Keep going, I know it's tough... but you are doing SO well, and I'm proud of you. Don't give up, we're here every single step of the way x
I'm glad that your mum is back, it must be a relief having her here, even though the front goes on sometimes which can happen. Maybe when she settles in from her trip you'll be less likely to use the front?
I know things are hard now, but I do believe it is worth it to keep fighting. Even if it seems hypotcritical for me to be saying, we're both sitting here posting for support which means we want to get through this, at least on some level, and that I believe is real. This feeling of being big you have, that is distorted because you're actually underweight, and the feelings of hopelessness and such that come with depression are those same types of distortions. They are the thoughts that need to be challenged.
Don't listen to them. Don't give up, please. Keep posting xxx
Thanks for responding. I know things are really tough for you at the moment.
It is a relief to have her home. Yeah I think I was trying to be upbeat because of the trip.
Thanks I suppose part of me definitely does want to keep fighting. But the other part really doesn't. It wants to give in, the pain is too much. I guess I have to keep fighting my way through even when all I want to do is escape the pain.
How are you doing today? I hope your appointment with your specialist when well. Have been thinking of you, glad to see you online tonight and if you're up to it, let us know how you went today. Here for you x
I know how it feels when the pain feels so heavy it feels like you don't want to go on, but it won't always be this intense and it will be worth it. You can do this, I have faith in you.

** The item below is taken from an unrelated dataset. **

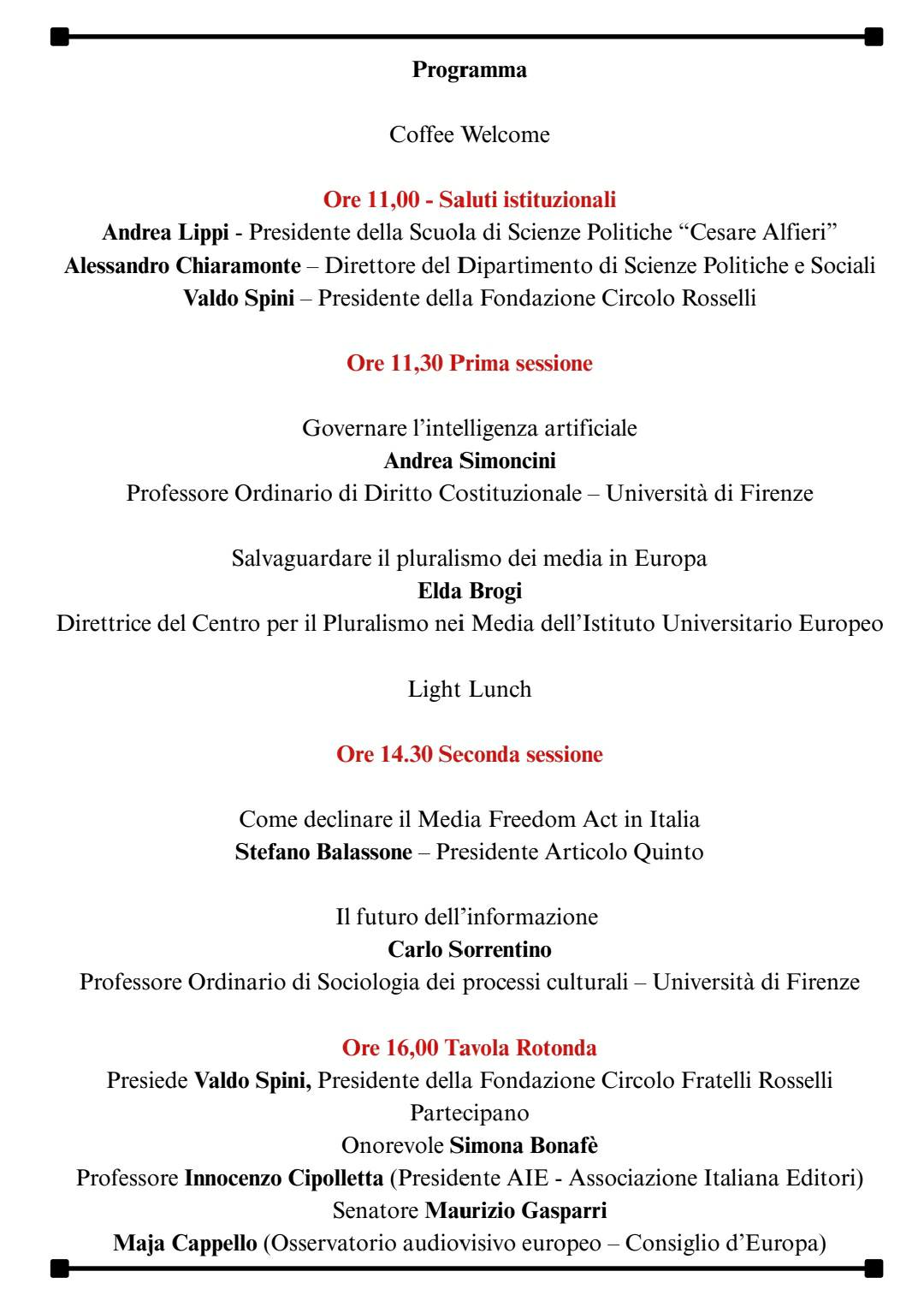 - Andrea Lippi – Presidente della Scuola di Scienze Politiche “Cesare Alfieri”

The appointment with the specialist was really hard, really hard. He looked through Cricket's (one of my alters) book which is full of drawings and writings about abuse, torture and child prostitution, porn and worse. I was sitting there as he was reading it having all the images flash through my head. I was totally overwhelmed. But it gave him a lot of insight. He is now going to have a discussion with my Dr/T about it all and my treatment.

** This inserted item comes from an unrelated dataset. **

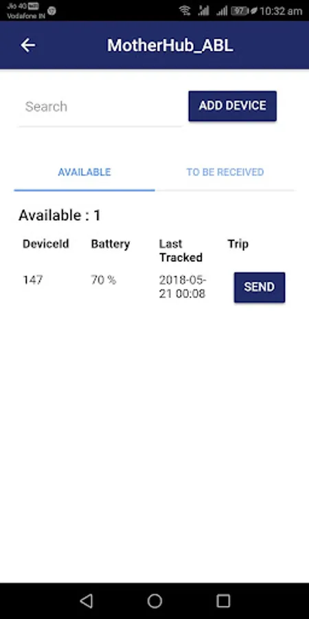 This app facilitates sending, receiving and managing tracking devices for usage under multiple warehouses.

Today has been quite hard too. Just lots of memories and flashbacks.
Thank you for having faith in me. I hope it's worth it. It doesn't feel it.

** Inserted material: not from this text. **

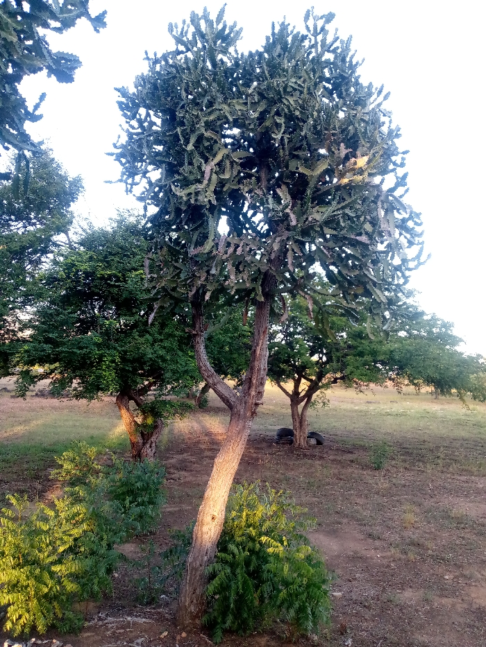 A landscape featuring several trees under a bright sky. A tall, distinctive tree with a textured, possibly cactus-like canopy dominates the center. To its left, a smaller tree with dense green foliage stands beside low-lying shrubs. Further back, two tires sit under another tree. The ground appears dry and sparsely covered with grass. The lighting suggests either early morning or late afternoon.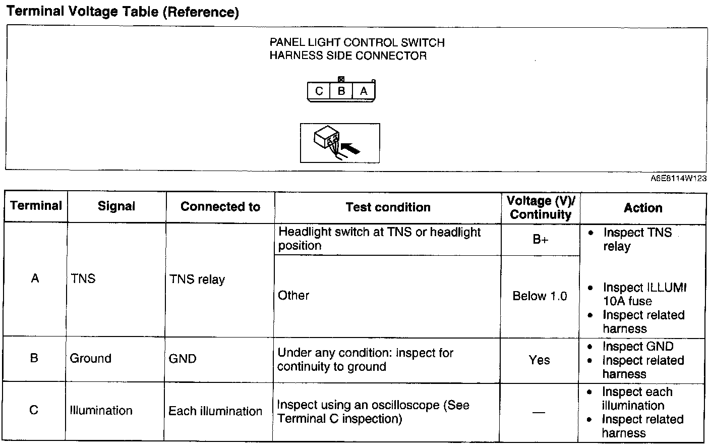 - When inspecting terminal B for continuity, disconnect the panel light control switch connector.

And I don't know when I'm being discharged... Which is making me feel unsteady. I'm totally sick of hospital, I've been in for weeks and weeks. But I don't know that we'll/I'll be safe at home. Mum is really worried about me coming home too. But I don't want to stay in hospital, I want to go home.
I suppose I am fighting pretty hard. You're right, that's all I can do.
You are right too about all the battles I've fought in the past and got through. I don't want them to be futile. I just feel so overwhelmed. With absolutely everything. The DID can be very very frightening sometimes, particularly at the moment. I just want it to stop, everything to stop.
I'm not allowed to talk to the staff about any trauma stuff (Dr/T's rule) so all they can do is try and distract me, help keep me grounded and check on me. Which isn't so helpful at times.
Thanks Casey, things are pretty rough. I really hope you are ok.
Already had a flashback. I hate them.
Don't want my sustagen. Feel huge. Enormous.
My hand and wrist are really hurting. I'm too afraid to tell the nurses there's been more damage in case I get sent to public. I'm in quite a bit of pain though. I don't want to be here today. I really don't. It doesn't feel worth it today.
Sorry I haven't been around. I'm really sorry to hear you are struggling. Is there any way you could tell someone about the damage? If you were sent public would it be only for a short while? (I have been in a private hospital, was sent public, but allowed back when the risk had subdued).
You don't need to apologise at all. I know you're struggling, please don't give up though. I wish you'd believe me when I say you're clearly not huge but I know it isn't that simple. Remember though, you're being given the sustagen because you're undwerweight... not huge.
Thinking of you. Let us know how you got on today.